◆ **EXERCISE**: Your answer must be the exact lines of the listing below that run from the line with "- 【IP65 Wasserdicht】" to the line with "本委已受理王妍诉你单位追索赔", ends included, and no pictures.

◆ **MATERIAL SHOWN**:
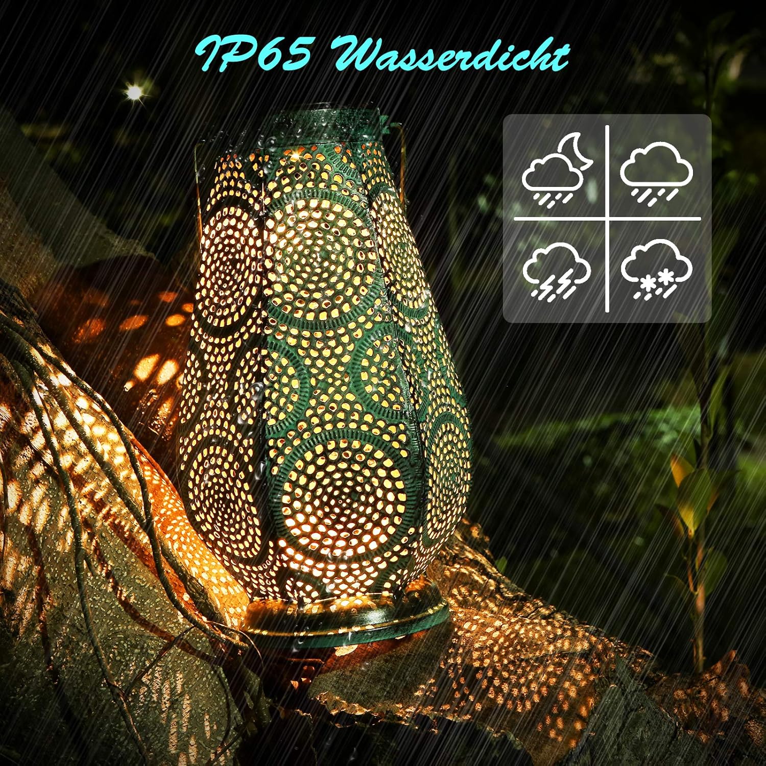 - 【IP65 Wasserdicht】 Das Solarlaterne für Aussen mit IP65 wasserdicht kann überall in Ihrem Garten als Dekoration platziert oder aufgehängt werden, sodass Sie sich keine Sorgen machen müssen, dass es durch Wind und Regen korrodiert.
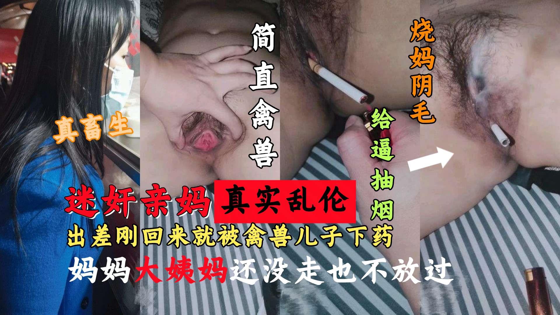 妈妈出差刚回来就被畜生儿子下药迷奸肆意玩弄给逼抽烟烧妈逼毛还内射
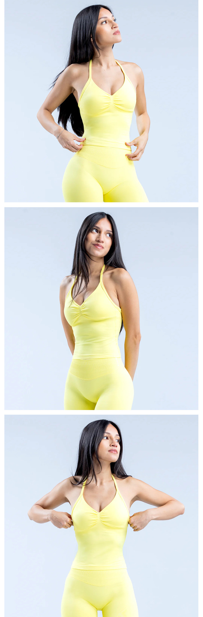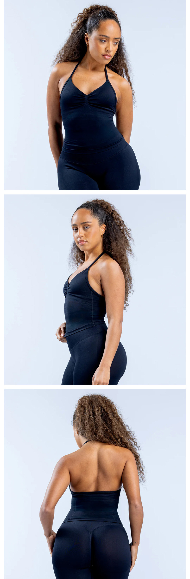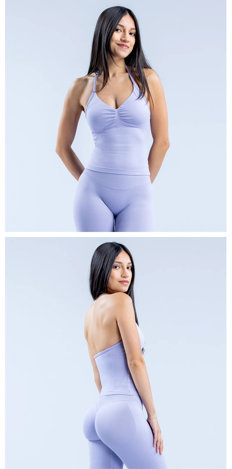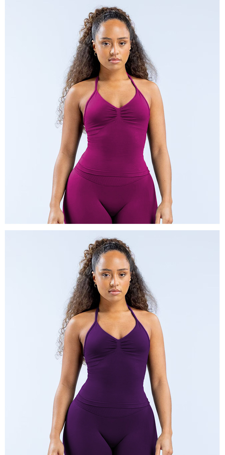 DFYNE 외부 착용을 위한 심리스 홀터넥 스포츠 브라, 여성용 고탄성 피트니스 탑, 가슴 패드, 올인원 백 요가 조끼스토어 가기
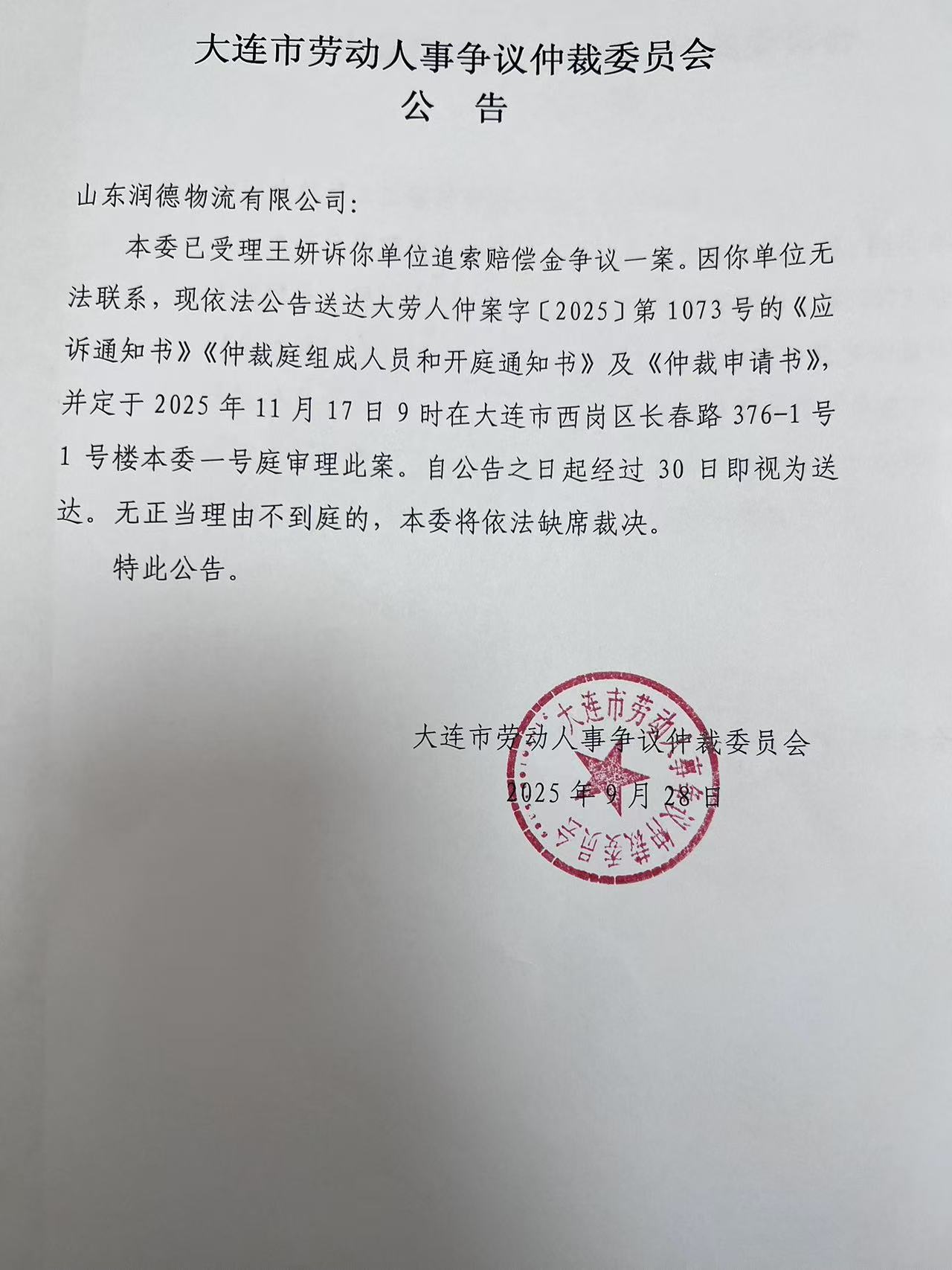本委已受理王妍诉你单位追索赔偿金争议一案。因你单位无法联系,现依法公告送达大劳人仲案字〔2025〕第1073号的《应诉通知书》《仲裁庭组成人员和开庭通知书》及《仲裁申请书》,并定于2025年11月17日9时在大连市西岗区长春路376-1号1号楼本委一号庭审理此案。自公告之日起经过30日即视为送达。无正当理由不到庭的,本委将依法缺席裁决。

==

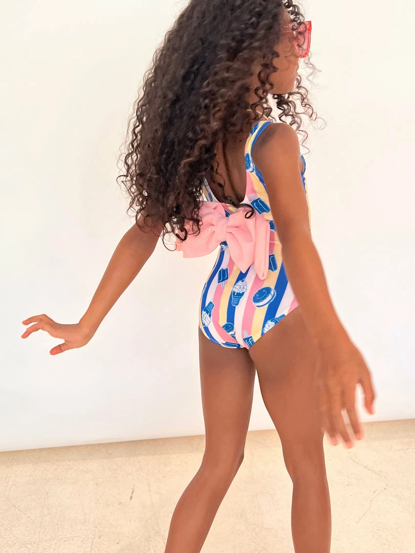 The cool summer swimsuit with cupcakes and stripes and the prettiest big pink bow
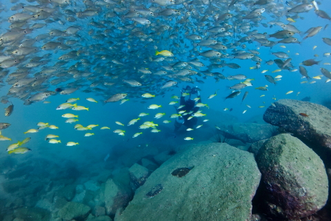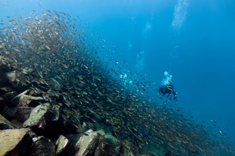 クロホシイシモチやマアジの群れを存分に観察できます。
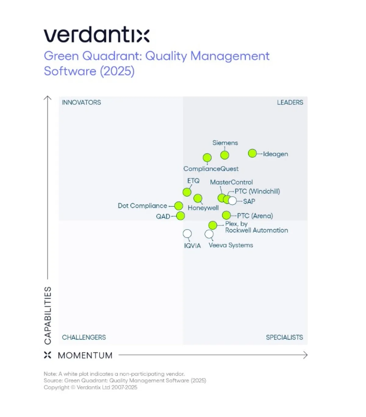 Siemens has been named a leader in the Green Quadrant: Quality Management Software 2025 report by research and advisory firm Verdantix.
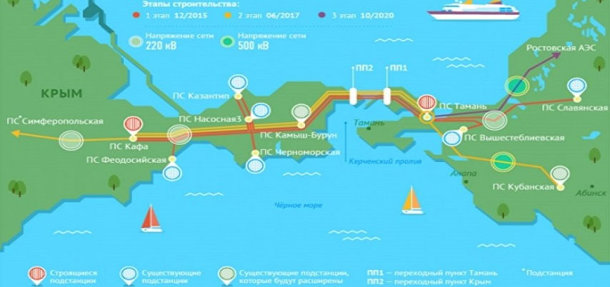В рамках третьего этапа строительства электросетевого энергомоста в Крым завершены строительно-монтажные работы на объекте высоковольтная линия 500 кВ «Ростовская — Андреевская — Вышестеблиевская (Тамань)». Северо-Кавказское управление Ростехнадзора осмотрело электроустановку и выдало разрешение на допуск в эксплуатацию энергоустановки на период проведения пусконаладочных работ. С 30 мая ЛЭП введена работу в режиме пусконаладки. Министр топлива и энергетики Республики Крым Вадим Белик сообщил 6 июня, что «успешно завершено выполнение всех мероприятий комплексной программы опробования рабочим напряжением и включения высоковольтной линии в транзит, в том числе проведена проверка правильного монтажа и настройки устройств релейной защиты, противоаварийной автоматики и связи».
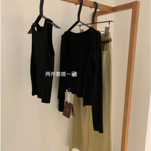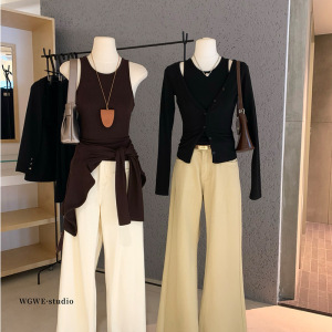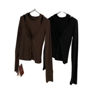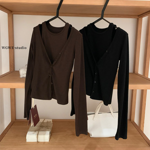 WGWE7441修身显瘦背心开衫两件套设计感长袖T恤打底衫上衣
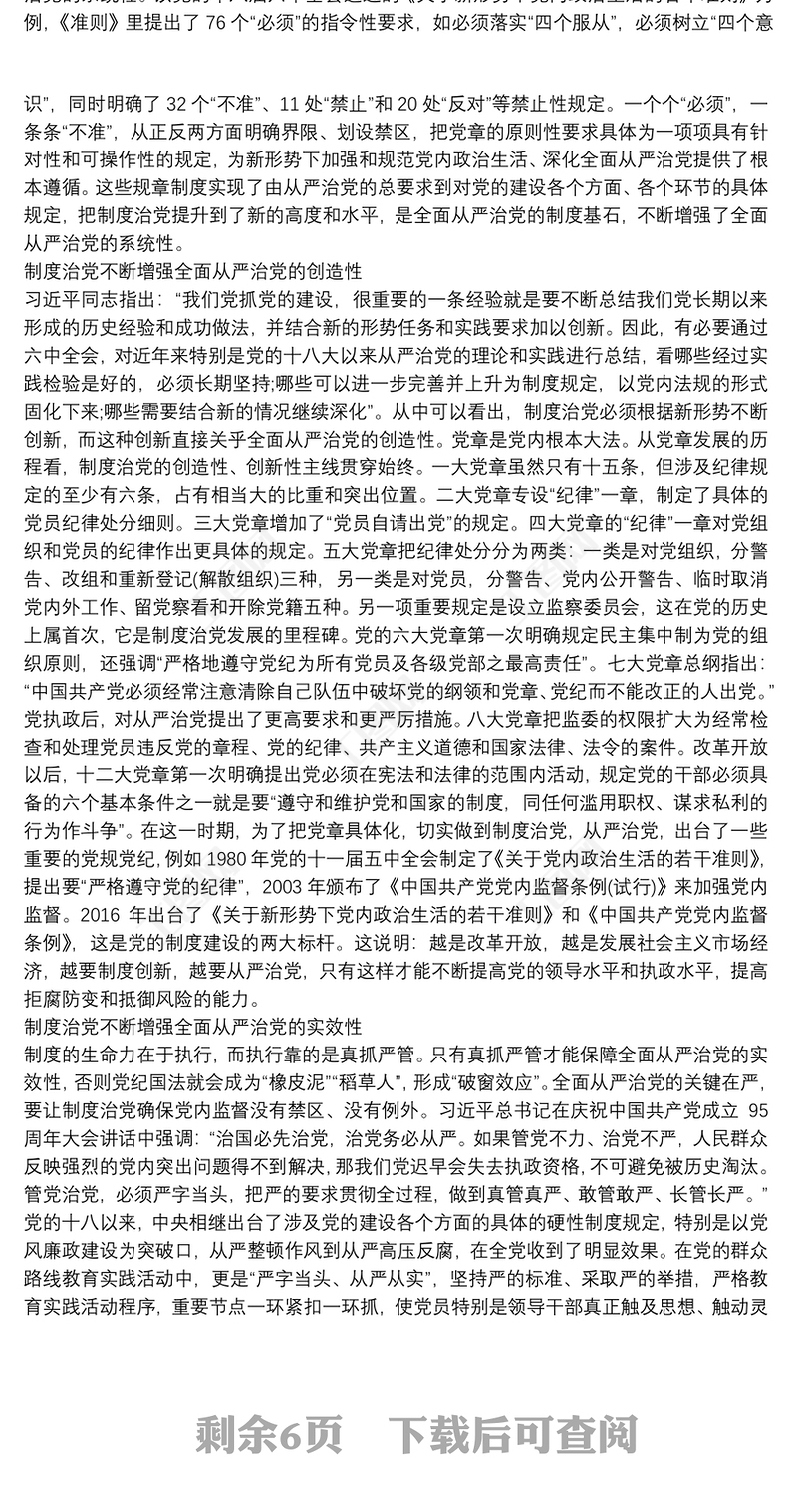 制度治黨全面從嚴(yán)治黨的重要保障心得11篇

◆ **ANSWER FOR THIS EXERCISE**:
 - 【IP65 Wasserdicht】 Das Solarlaterne für Aussen mit IP65 wasserdicht kann überall in Ihrem Garten als Dekoration platziert oder aufgehängt werden, sodass Sie sich keine Sorgen machen müssen, dass es durch Wind und Regen korrodiert.
 妈妈出差刚回来就被畜生儿子下药迷奸肆意玩弄给逼抽烟烧妈逼毛还内射
 DFYNE 외부 착용을 위한 심리스 홀터넥 스포츠 브라, 여성용 고탄성 피트니스 탑, 가슴 패드, 올인원 백 요가 조끼스토어 가기
本委已受理王妍诉你单位追索赔偿金争议一案。因你单位无法联系,现依法公告送达大劳人仲案字〔2025〕第1073号的《应诉通知书》《仲裁庭组成人员和开庭通知书》及《仲裁申请书》,并定于2025年11月17日9时在大连市西岗区长春路376-1号1号楼本委一号庭审理此案。自公告之日起经过30日即视为送达。无正当理由不到庭的,本委将依法缺席裁决。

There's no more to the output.